Stored items:
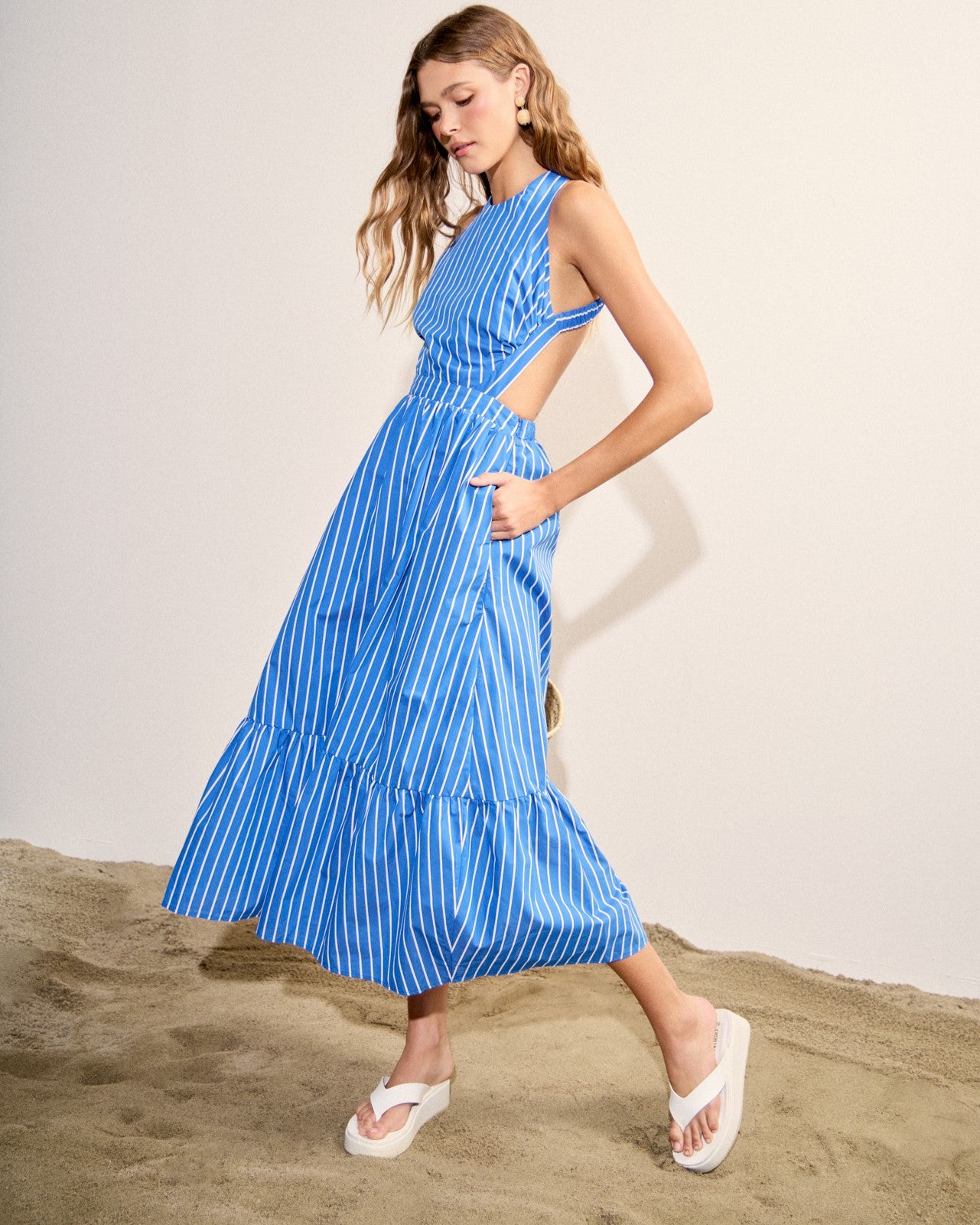 Introducing the Riviera Stripe Dress - where playful charm meets effortless elegance. Inspired by classic apron silhouettes, this sleeveless dress features a round neckline and a flattering open-back design with elasticized bands for a flexible, comfortable fit. Crafted from high-quality fabric in bold vertical stripes, it's a standout piece for sunny days, coastal getaways, or casual-chic events. Whether you're strolling seaside or styling for brunch, this dress offers a breezy statement with every step.
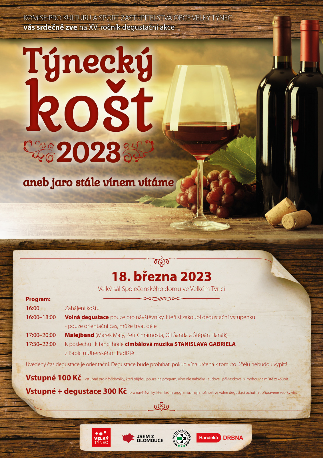 Komise pro kulturu a sport Zastupitelstva obce Velký Týnec Vás srdečně zve na XV. ročník degustační akce "Týnecký košt 2023 aneb jaro stále vínem vítáme" v sobotu 18. března 2023, velký sál společenského domu ve Velkém Týnci, zahájení koštu v 16:00 hodin. Od 17:00 hodin k tanci a poslechu zahraje Malejband a cimbálová muzika Stanislava Gabriela z Babic u Uherského Hradiště. Vstupné 100 Kč, s degustací 300 Kč. Srdečně zvou pořadatelé.
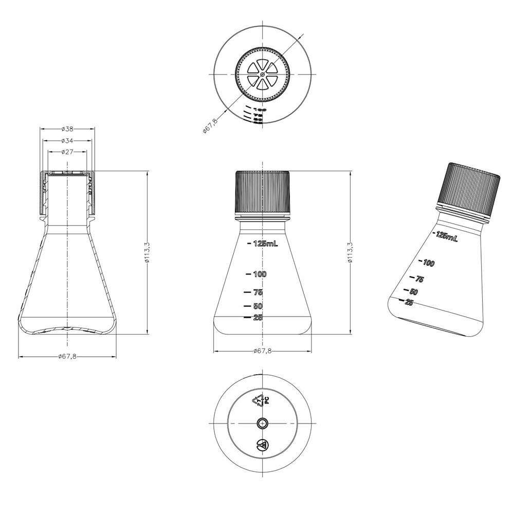 125mL PC Erlenmeyer Flask (Vented,Conical Flask,RNase & DNase Free,Sterile)
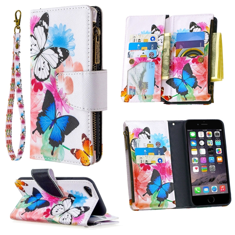 Funda de Cuero iPhone 6S y 6 con Tapa Horizontal Soporte Ranuras Tarjetas Billetera (Dos Mariposas)
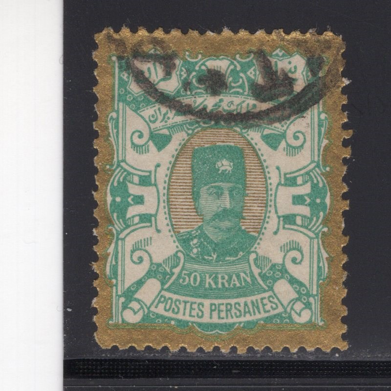 50kr green & gold Scott # 100 postally used, Signed by Mr. Mehrdad Sadri.
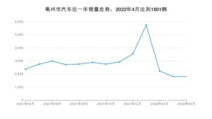 2022年4月,亳州市汽车总销量为1801辆,同比下降23.56%,环比持平。2021年04月-2022年04月份,亳州市总销量为37190辆,同比下降3.27%。在最近1年中,亳州市销量在2022年01月达到最高,销量为5733辆。
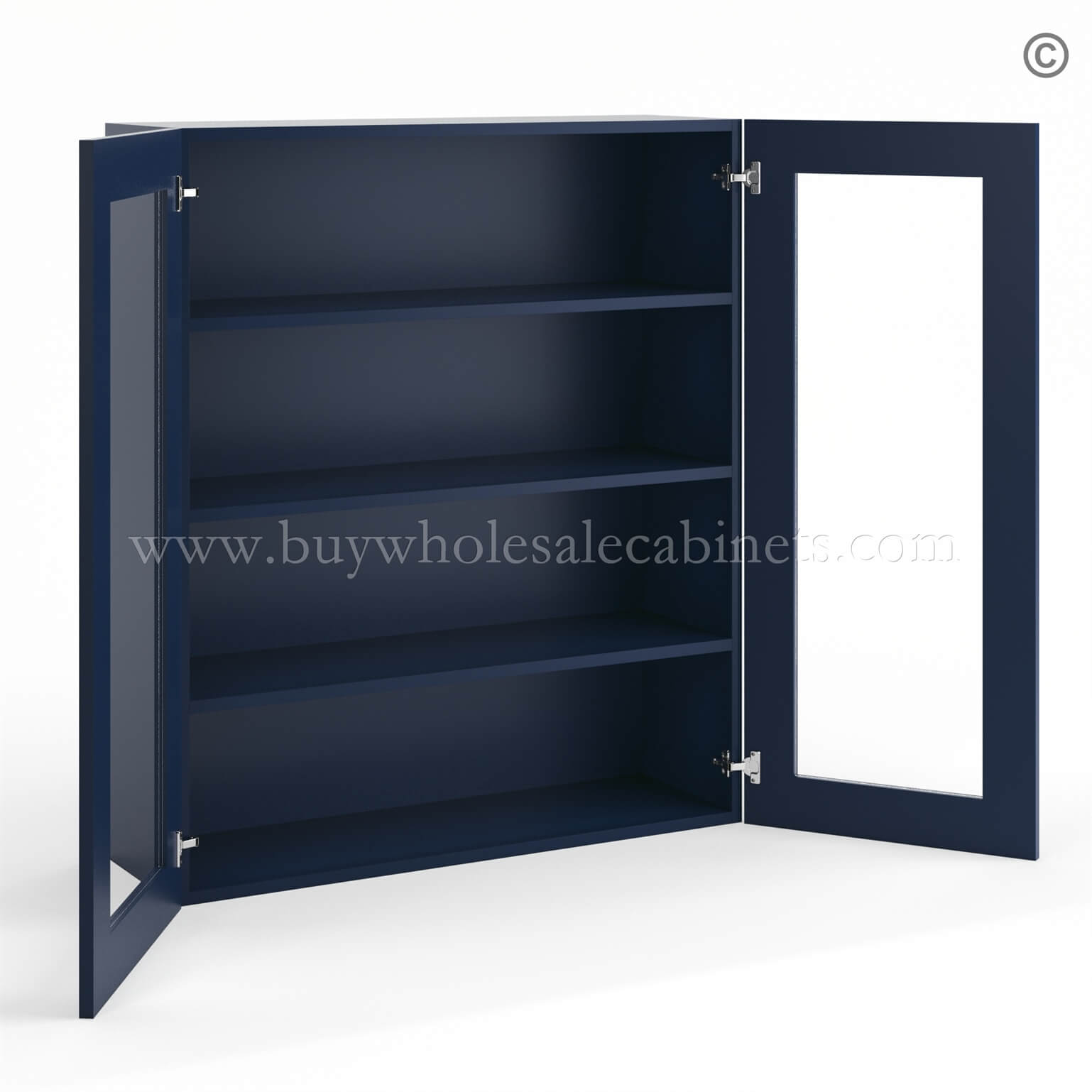 Be the first to review “Frameless Oxford Blue Wall Mullion Door 42″H – 2 Door 2 Shelves – Glass And Clips Not Included.”

PROBLEM TO SOLVE = For the data above, return an exact copy that contains no pictures.

EXPECTED OUTPUT =
 Introducing the Riviera Stripe Dress - where playful charm meets effortless elegance. Inspired by classic apron silhouettes, this sleeveless dress features a round neckline and a flattering open-back design with elasticized bands for a flexible, comfortable fit. Crafted from high-quality fabric in bold vertical stripes, it's a standout piece for sunny days, coastal getaways, or casual-chic events. Whether you're strolling seaside or styling for brunch, this dress offers a breezy statement with every step.
 Komise pro kulturu a sport Zastupitelstva obce Velký Týnec Vás srdečně zve na XV. ročník degustační akce "Týnecký košt 2023 aneb jaro stále vínem vítáme" v sobotu 18. března 2023, velký sál společenského domu ve Velkém Týnci, zahájení koštu v 16:00 hodin. Od 17:00 hodin k tanci a poslechu zahraje Malejband a cimbálová muzika Stanislava Gabriela z Babic u Uherského Hradiště. Vstupné 100 Kč, s degustací 300 Kč. Srdečně zvou pořadatelé.
 125mL PC Erlenmeyer Flask (Vented,Conical Flask,RNase & DNase Free,Sterile)
 Funda de Cuero iPhone 6S y 6 con Tapa Horizontal Soporte Ranuras Tarjetas Billetera (Dos Mariposas)
 50kr green & gold Scott # 100 postally used, Signed by Mr. Mehrdad Sadri.
 2022年4月,亳州市汽车总销量为1801辆,同比下降23.56%,环比持平。2021年04月-2022年04月份,亳州市总销量为37190辆,同比下降3.27%。在最近1年中,亳州市销量在2022年01月达到最高,销量为5733辆。
 Be the first to review “Frameless Oxford Blue Wall Mullion Door 42″H – 2 Door 2 Shelves – Glass And Clips Not Included.”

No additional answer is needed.